Digital Health Innovation and Informatics
Purpose/Objective(s): Stereotactic radiotherapy (SRT) for patients with brain metastasis requires precisely contoured gross tumour volumes (GTV). We aimed to compare deep-learning-generated contours (DC) with expert contours (EC).
Materials/Methods: Dataset 1 (DS1) consisted of 78 brain metastasis SRT plans with fused MPRAGE MR scans from a single centre. Dataset 2 (DS2) consisted of 170 publicly available MR images with brain metastasis contoured by a CNS radiation oncologist. Convolutional neural networks were used to train separate models on DS1, DS2, and a combined model including DS1 and DS2 (DS-all). Two model variations were developed: DC-Axial, which relied solely on axial training slices, and DC-Multi, which used axial contours combined with multiplanar slices in order to reduce false-positive predictions. A validation dataset consisted of 28 MPRAGE MR scans with 46 individual brain metastasis contours from SRT treatment plans.The true-positive DCs were compared with ECs using the Dice Similarity Coefficient (DSC), 95% distance transform (DT-95%), and mean distance transform (DT-mean). Dosimetric analysis was performed by fusing the DCs to the SRT planning CT scan with medical imaging software.
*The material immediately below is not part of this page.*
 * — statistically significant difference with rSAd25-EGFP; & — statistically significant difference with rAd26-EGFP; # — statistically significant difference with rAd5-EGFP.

Results: The DC-Axial models identified 63%, 65%, 70% of metastasis for DS1, DS2, and DS-all respectively. The DC-Multi models identified 49%, 58%, 59% of metastasis for DS1, DS2, and DS-all respectively. The number of false positives for the DC-Axial models was 159, 138, 111 for DS1, DS2 and DS-all respectively. The number of false positives for the DC-Multi models was 12, 9, 8 for DS1, DS2 and DS-all respectively. Comparing ECs to true-positive DS1, DS2 and DS-all models demonstrated a mean DSC of 0.68, 0.74, and 0.77, DT-mean of 0.77 mm, 0.66 mm and 0.57 mm, and DT-95% of 1.71 mm, 1.52 mm and 1.34 mm respectively. The mean 80% isodose coverage was 100% for the ECs, 99.8% for DS1, 99.8% for DS2, and 99.9% for DS-all. The mean 90% isodose coverage was 100% for the ECs, 97% for DS1, 96% for DS2 and 97% for DS-all. There were no significant differences in the mean, max and minimum doses for DS1, DS2 and DS-all compared to the ECs.
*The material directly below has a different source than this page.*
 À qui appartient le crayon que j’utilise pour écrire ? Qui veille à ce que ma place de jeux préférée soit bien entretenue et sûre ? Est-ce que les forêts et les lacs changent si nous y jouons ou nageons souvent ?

Conclusion: We observed accurate delineation of true-positive DCs on MPRAGE MR images which demonstrates the feasibility of using deep learning models to aid in tumour delineation for SRT treatment planning. Similar isodose coverage, and mean, max and minimum dose for the models further demonstrates the spatial agreement between the DCs and ECs. Models trained with the largest combined dataset (DS-all) had the best volumetric and dosimetric agreement with ECs. Multiplanar models demonstrated a significantly lower false-positive rate and slightly higher false-negative rate for brain GTVs compared to models trained on axial slices alone. The true-positive detection rate can likely be improved in future studies that incorporate larger training datasets of MR images.